[Data below — start]

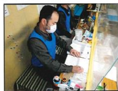
始業前に、体調管理チェックシートに記入し、体調を管理者に報告する
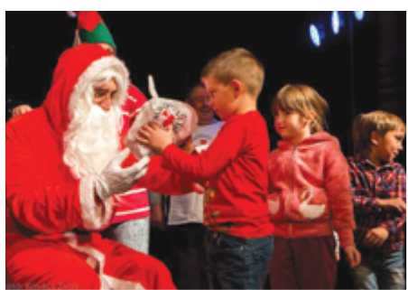
A Vöröskereszt jóvoltából eljutott a Művelődési Házba, ahol az Adrenalin együttes zenés, vidám műsorát követően több mint 1000 óvodás és alsó tagozatos gyermek számára okozott boldog perceket.
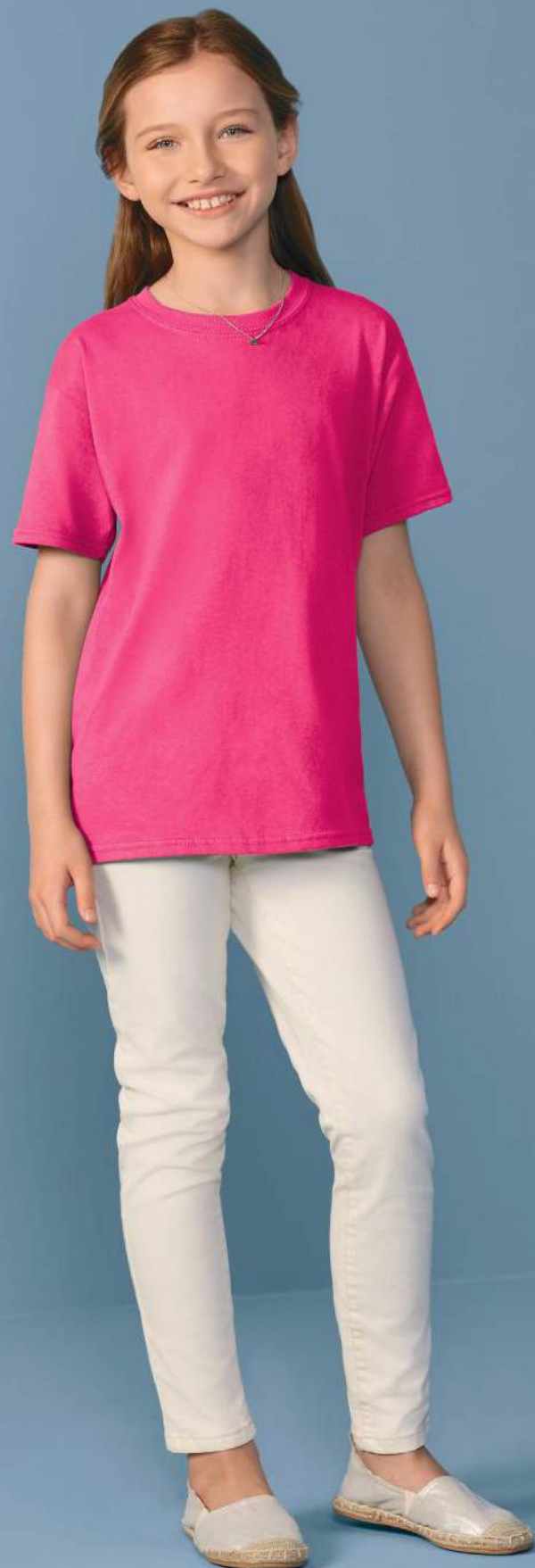
64500B Rosa Tropical

Estilo ofrecido en tallas para Adulto y para Damas *A = % Algodón, P = % Poliéster

[Data below — finish]

» What is needed
Please make an exact copy of the whole listing and leave out its pictures.

» Reply
始業前に、体調管理チェックシートに記入し、体調を管理者に報告する
A Vöröskereszt jóvoltából eljutott a Művelődési Házba, ahol az Adrenalin együttes zenés, vidám műsorát követően több mint 1000 óvodás és alsó tagozatos gyermek számára okozott boldog perceket.
64500B Rosa Tropical

Estilo ofrecido en tallas para Adulto y para Damas *A = % Algodón, P = % Poliéster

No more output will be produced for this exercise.